The toxicity profile of PD-1/PD-L1 blockades was less severe than that of CTLA-4, with no significant increase in TRM in a meta-analysis [82], with an overall incidence of 7–14% grade 3 and 4 toxicities [8,89,90]. Most notably, PD-1/PD-L1 inhibitors showed a slightly different toxicity profile including organ-specific inflammatory conditions such as pneumonitis rather than colitis [91]. The most common adverse events were fatigue, with an incidence of 16%–37% with anti-PD-1 and 12–24% with anti-PD-L1, followed by fever, chills, and infusion reactions [91]. Dermatologic toxicities such as rash, pruritis, and vitiligo were frequently observed, and vitiligo was more common than with ipilimumab (10% vs. 2%, respectively) [92]. Colitis, endocrine toxicities, and hepatic toxicities have been described, but most were less extensive than anti-CTLA-4 mAb [91,92]. While pneumonitis was rarely reported in the studies of anti-CTLA-4 mAb alone, up to 10% of patients receiving anti-PD-1/PD-L1 therapy developed this complication, leading to 3 TRM in the early phase of nivolumab [8]. In addition, among patients including children treated with anti-PD-1 mAbs, critical neurologic and endocrinologic adverse reactions have been reported, and some of them being irreversible [82,93–95]. These unpredictable off-target toxicities to critical organs, besides being life-threatening, are particularly concerning for children in whom the organs are less mature and potentially prone to life-long disabilities [91].

Efficacy in children

Another uncertainty in pediatric application of ICI is their uncertain benefit and the lack of appropriate predictive biomarkers. Although clinical trials have shown tumor responses in some patients, few are major responses and most have not been durable [12,39–41]. There is a need to better understand the mechanisms of action of PD-1/PD-L1 in these pediatric tumors, to determine if there is an underlying genetic resistance to ICIs [13,96]. While PD-L1 expression in adult tumors has been proposed as a potential biomarker for response [8,37], PD-L1 expression is often heterogeneous within tumors, and can be even discordant between primary tumor and metastases [17,97]. Furthermore, PD-L1 negative tumors also responded to PD-1 blockade or combination treatment with nivolumab and ipilimumab [38,98,99].

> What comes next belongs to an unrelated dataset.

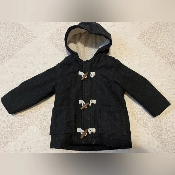 Thick & very warm toddler jacket, in good used condition. Some minor wear like fading and piling but overall good!

Recent whole genome and exome sequencing of tumors have identified the role of neoantigens and the importance of pre-existing T-cell clones and the mutational threshold for adequate response to ICI. High frequencies of nonsynonymous mutational burden and tumor neoantigens, as well as mutations in DNA repair pathways were strongly associated with therapeutic benefit following anti-CTLA-4 and anti-PD-1 antibodies [96,100]. Neoantigen-reactive CD8-T-cells are responsible for tumor regression after PD1 blockade, suggesting that ICI enhances neoantigen-specific T-cell reactivity [96]. However, given the heterogeneity of most human tumors, neoantigens, if not essential for tumorigenicity, could be downregulated or even lost, leading to tumor escape. An analysis of 27 cancer types showed that the median frequency of non-synonymous mutations varied by more than 1,000-fold across the cancer types [101]. While melanoma and lung cancer exceeded 100/Mb, most pediatric cancers showed frequencies as low as 0.1/Mb (one mutation per exome). If each mutation creates a neoantigen capable to stimulate a T-cell clone, more mutations and more neoantigens should produce a more robust T-cell response. ICI are now known to be more effective in highly mutated cancers, with a mutational threshold estimated at 100 mutations per exome (3.3 mutations/Mb) [100,102], an unfavorable prerequisite for most pediatric solid tumors. The highest mutation frequencies are attributable to extensive exposure to carcinogens, such as UV light in melanoma and tobacco smoking in lung cancers [101], not generally associated with pediatric cancers. Although pediatric tumors express PD-L1, ICI alone may have less or even no effect in pediatric cancers when compared to melanoma and NSCLC [103,104]. However, somatic mutation frequencies can vary widely across patients within a cancer type and even across sites within the same patient [101,105,106]. As present, the role of ICI is being tested for hypermutated malignancies in children with biallelic mismatch repair deficiency (NCT02992964).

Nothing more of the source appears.